▸ **Information supplied**
* * *

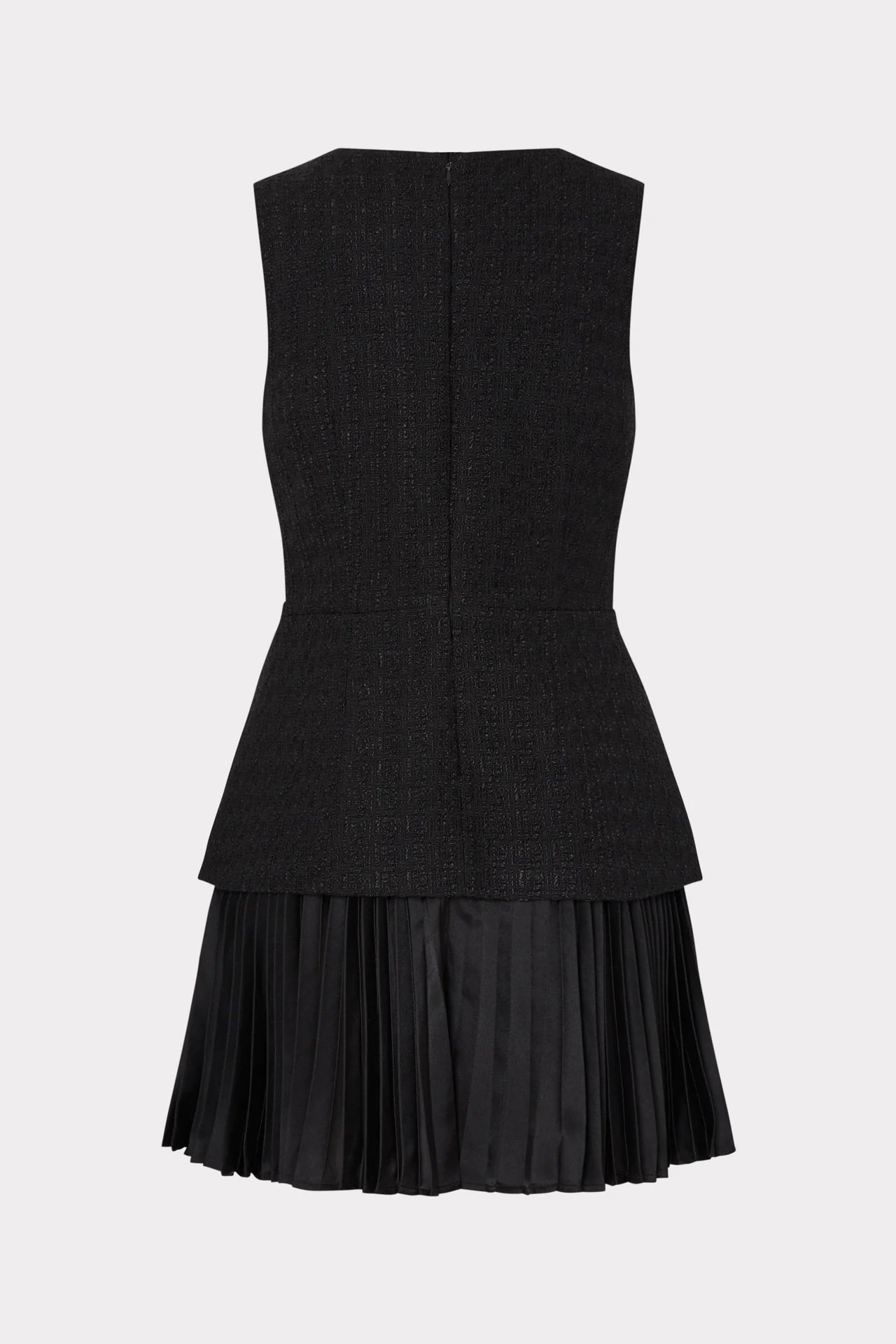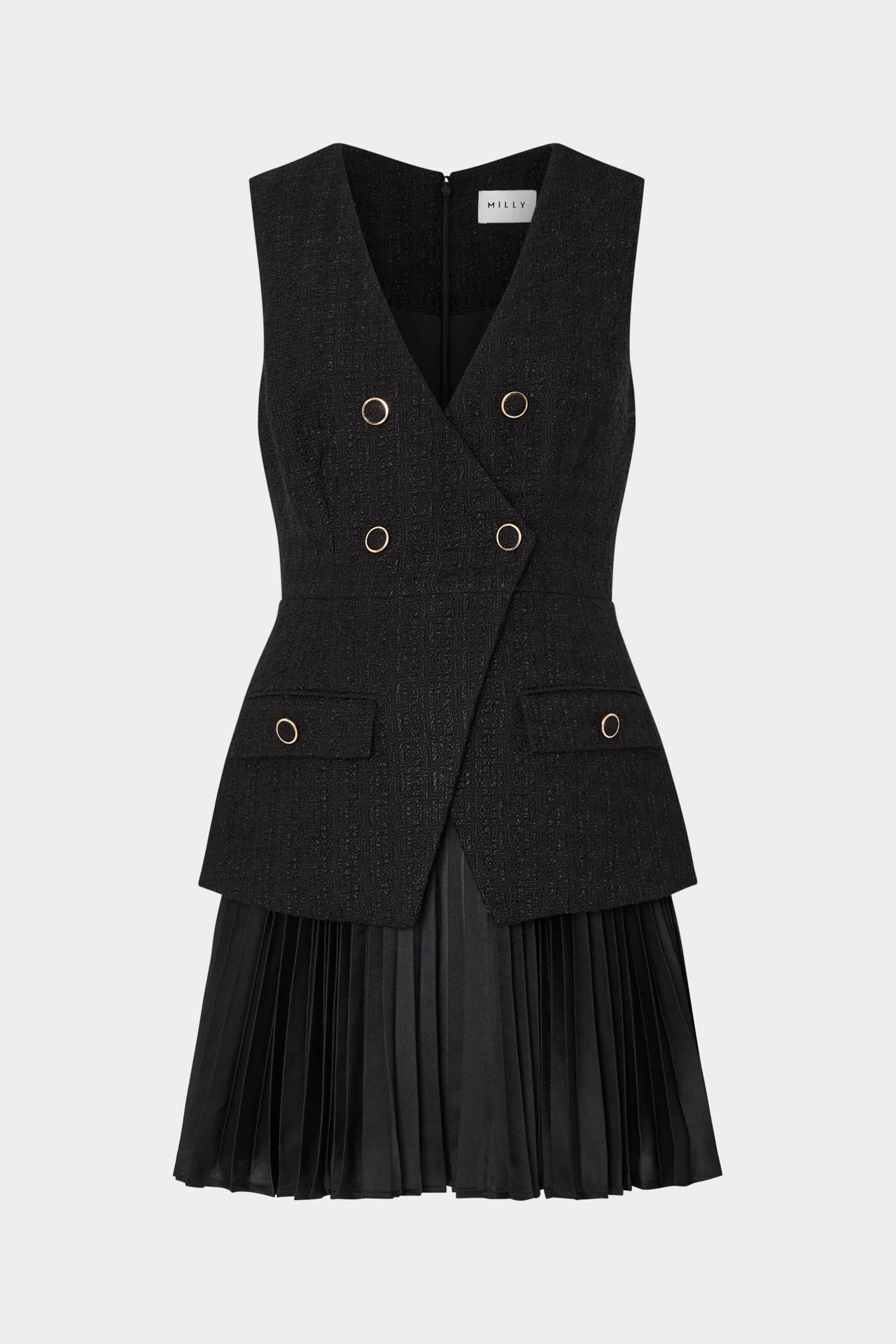 This mini blazer-style dress is crafted with a bouclé vest bodice combined with a pleated, satin skirt. It's finished with gold-covered button accents and a back zipper to close. This versatile style is great for cocktails, dinner parties, and even more formal events.
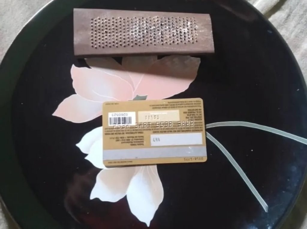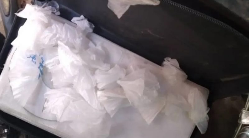 Al realizarle una inspección corporal le incautaron nueve envoltorios elaborados en material sintético de diferentes colores, tipo cebollitas contentivos de presunta marihuana con un peso de 0,8 gramos y un envoltorio de presunto Crack con un peso de 10.0 gramos, 28 bolsas recortadas de forma circular blancas y negras, un estuche, un cuchillo, un rayo de cocina, un plato de porcelana y una tarjeta de crédito.
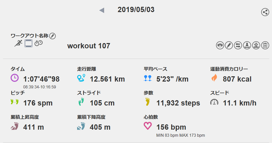 5月3日の走行距離 12.56km (5分23秒/km)(156bpm)
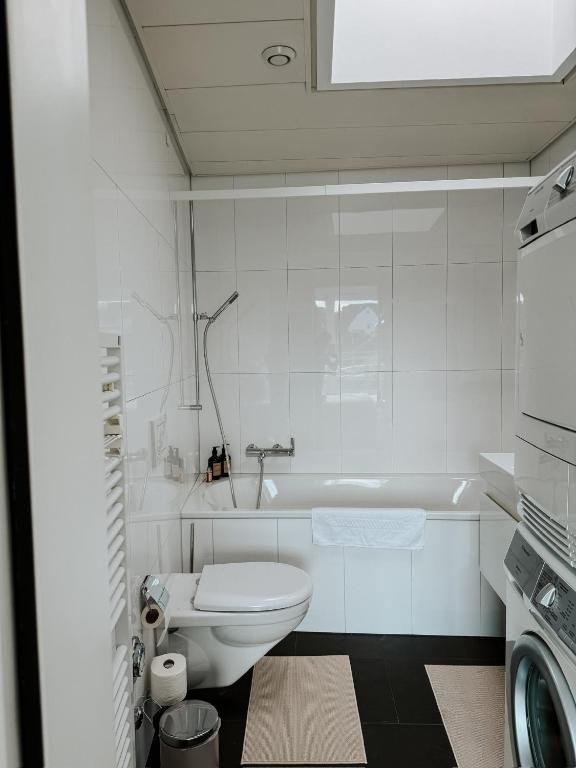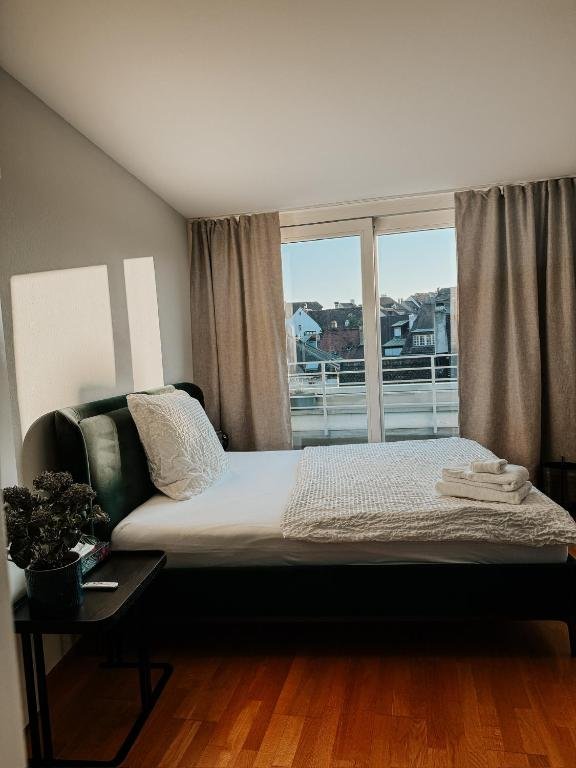 Modern Comforts: Just Sunny - Rooftop mitten in der Stadt offers a comfortable apartment in Basel city centre. Guests enjoy free WiFi, air-conditioning, and a balcony with city views. Convenient Facilities: The property features private check-in and check-out services, a lift, outdoor seating area, family rooms, and bicycle parking. Paid off-site parking is available. Local Attractions: Nearby attractions include the Jewish Museum of Basel (6-minute walk), Zoological Garden (1.1 km), and Basel Cathedral (4-minute walk). The Basel SBB station is a 15-minute walk away. Leisure Activities: The surrounding area offers an ice-skating rink and water sports.

* * *

▸ **Requirement**
If pictures appear, drop them, and retype exactly the lines from the "Al realizarle una" line through the last line of the data above.

▸ **Exercise result**
 Al realizarle una inspección corporal le incautaron nueve envoltorios elaborados en material sintético de diferentes colores, tipo cebollitas contentivos de presunta marihuana con un peso de 0,8 gramos y un envoltorio de presunto Crack con un peso de 10.0 gramos, 28 bolsas recortadas de forma circular blancas y negras, un estuche, un cuchillo, un rayo de cocina, un plato de porcelana y una tarjeta de crédito.
 5月3日の走行距離 12.56km (5分23秒/km)(156bpm)
 Modern Comforts: Just Sunny - Rooftop mitten in der Stadt offers a comfortable apartment in Basel city centre. Guests enjoy free WiFi, air-conditioning, and a balcony with city views. Convenient Facilities: The property features private check-in and check-out services, a lift, outdoor seating area, family rooms, and bicycle parking. Paid off-site parking is available. Local Attractions: Nearby attractions include the Jewish Museum of Basel (6-minute walk), Zoological Garden (1.1 km), and Basel Cathedral (4-minute walk). The Basel SBB station is a 15-minute walk away. Leisure Activities: The surrounding area offers an ice-skating rink and water sports.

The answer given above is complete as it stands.